Relative to buying a large business with hundreds or thousands of employees, one might think that buying a small business is a piece of cake by comparison. But that’s definitely not the case.
I’ve spent the last five and a half years advising buyers and sellers of businesses of all sizes: from $1 million all the way up to $1+ billion. What I’ve learned from those varying experiences is that the smaller transactions are the hardest. The reason for that is the lack of experience that small business operators have with M&A. At large businesses, there are teams of people under the CFO or in Corporate Development that were likely hired in part to execute M&A deals. At small businesses, the finance team is miniscule - there’s definitely no one focused on Corporate Development and there may not even be a CFO. If there is a CFO, chances are they’ve never done any M&A. It’s likely that no one at the small business has ever done any M&A.
If the documentation process were commensurate with the size of the transaction (the smaller the deal, the less documentation required), things might be different. However, there are certain areas of diligence (Legal, Insurance, and HR) that are the same regardless of the size of the business. No matter the size, every seller needs to provide their incorporation and organizational documents like by-laws and capitalization table. No matter the size, every seller needs to provide documentation related to insurance coverages. No matter the size, every seller needs to provide information related to employee pay and benefits.
Due to the seller’s small team and lack of experience, gathering all of the required documentation puts an incredible amount of strain on the business. To compensate, it requires efficiency and additional support by the buyer. I’m in the middle of a deal right now - by far the most difficult transaction I’ve been a part of as a buyer - and below are the most important things I’ve learned thus far to make the process go as smoothly as possible.
As I mentioned, the only way the deal gets done is if the buyer shares their experience with the seller by walking them through the more complicated parts of the transaction. Normally, a sellside investment banker would do this but because of the size of the deal the seller likely won’t hire one due to the cost. So it’s up to the buyer to give some of that same advice. But it’s a very fine line the buyer has to walk because some of the advice they could give would hurt their position as a buyer, for example, regarding valuation. Therefore it’s very important that the buyer maintain independence when advising the seller and not influence the seller’s decisions. The buyer can present the facts and the considerations, but the seller should make all final decisions using their own judgment.
With that in mind, below are the things that a buyer can help with:
- Shorten the due diligence request list: this isn't as easy as it sounds because you don't want to leave out anything important. But there are some things that may not apply to the business. You still want to ask for it and let the seller say it either "doesn't apply" or they "don't have it". Receiving those types of responses are important and may even be incorporated into the purchase agreement. What you should do to shorten the list is walk through the list at the very beginning of the transaction specifically asking for the seller to identify things that don't apply or they don't have. Have them ignore requests (for now) that do apply to them and that they'll have documentation responses for. The side effect of this approach is it relaxes the seller going forward because the request list isn't as daunting because it's shorter.
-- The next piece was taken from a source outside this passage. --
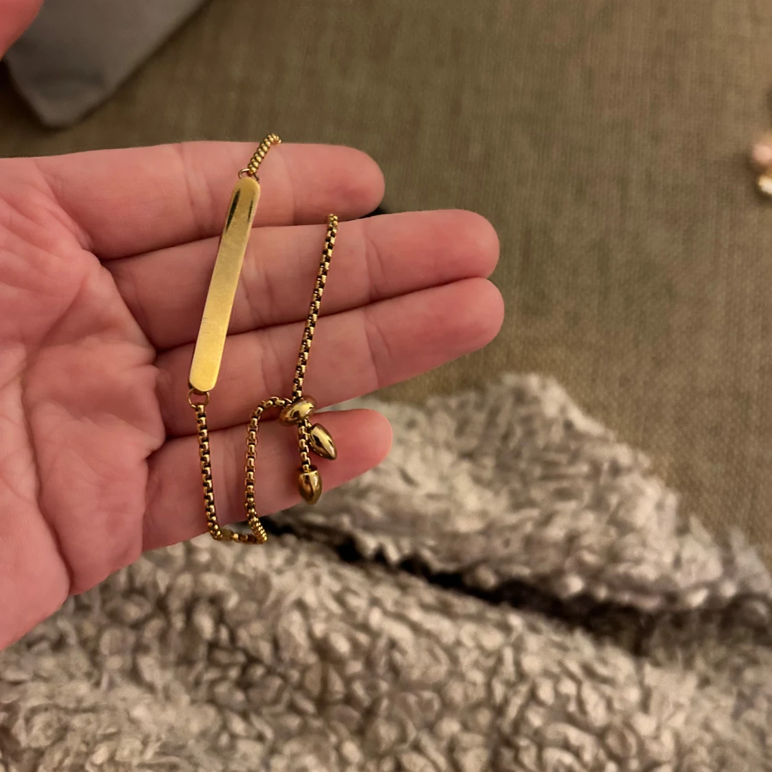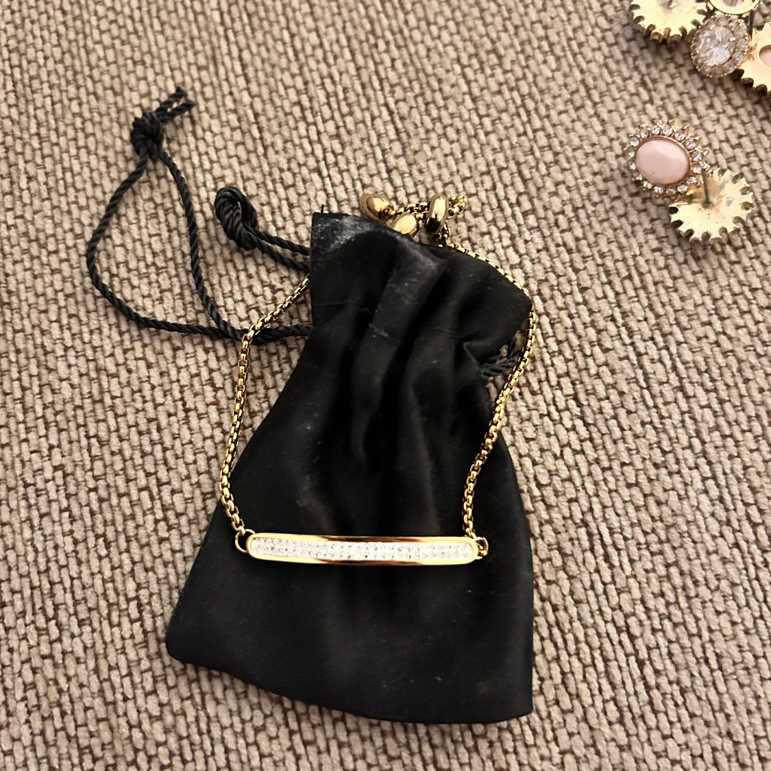 Snyggt guldarmband med en glittrig rektangulär detalj. Perfekt för att ge lite extra bling till din outfit. Armbandet har en justerbar kedja och kommer med en svart förvaringspåse. Passar både till vardag och fest!

- Clarify priorities: if you're trying to close the transaction on a certain timeline, there may come a time when you say it's okay for the seller to not provide something even though in a perfect world you had it. This is one reason why it's important to prioritize. Another reason is to get responses that will require extensive review by the buyer or buyer's counsel first so that those don't become a bottleneck.
- Be available to answer questions: because the seller doesn't have the experience, they will have lots of very simple questions that if they're left to figure out themselves will unnecessarily slow down the process. Email and phone aren't always sufficient - if possible, you should spend time on-site at the seller's office so that questions can be asked as soon as they come up. It's not ideal from a buyer efficiency perspective, but it's incredibly helpful to the seller and so if they're the bottleneck then it may be worth it.
- Encourage the seller to hire an additional accounting resource: the quality of earnings process is like going through an audit. The finance teams at small businesses are grossly inadequate for this process. The seller should consider hiring an accounting resource to assist - ideally it would be a former big four auditor or transaction advisory professional. This whole process may seem overkill to the seller. If that's the case, position it as a first step in the integration process as opposed to a condition to completing the M&A transaction. If the buyer is on GAAP, the acquired entity will have to convert eventually anyway.
- Take over mindless tasks like scanning files: the seller likely has filing cabinets filled with files that the buyer needs to review. Chances are the files will satisfy the majority of the items on a diligence request list. Rather than let one of the seller's employees scan the files - which is such a basic task even a monkey could do it - have someone from the buyer do it on their behalf. The important thing to remember here is that the buyer needs to maintain their independence, and so they shouldn't be deciding what to scan and what not to - just scan everything.
- Reduce scope of due diligence requests: this again involves leaning on the buyer to put in extra work. If the seller's files are all scanned, then the buyer can review and organize them and then ask the seller to simply review them for completion. For example, the buyer can organize all the customer contracts and then ask the buyer to confirm that they don't have any more. If every document in their filing cabinet and server was shared with the buyer, then this should be easy to do. The scope is reduced from "please find all customer contracts" to "please find missing customer contracts."
If you find yourself buying a small business, I hope these tips come in handy.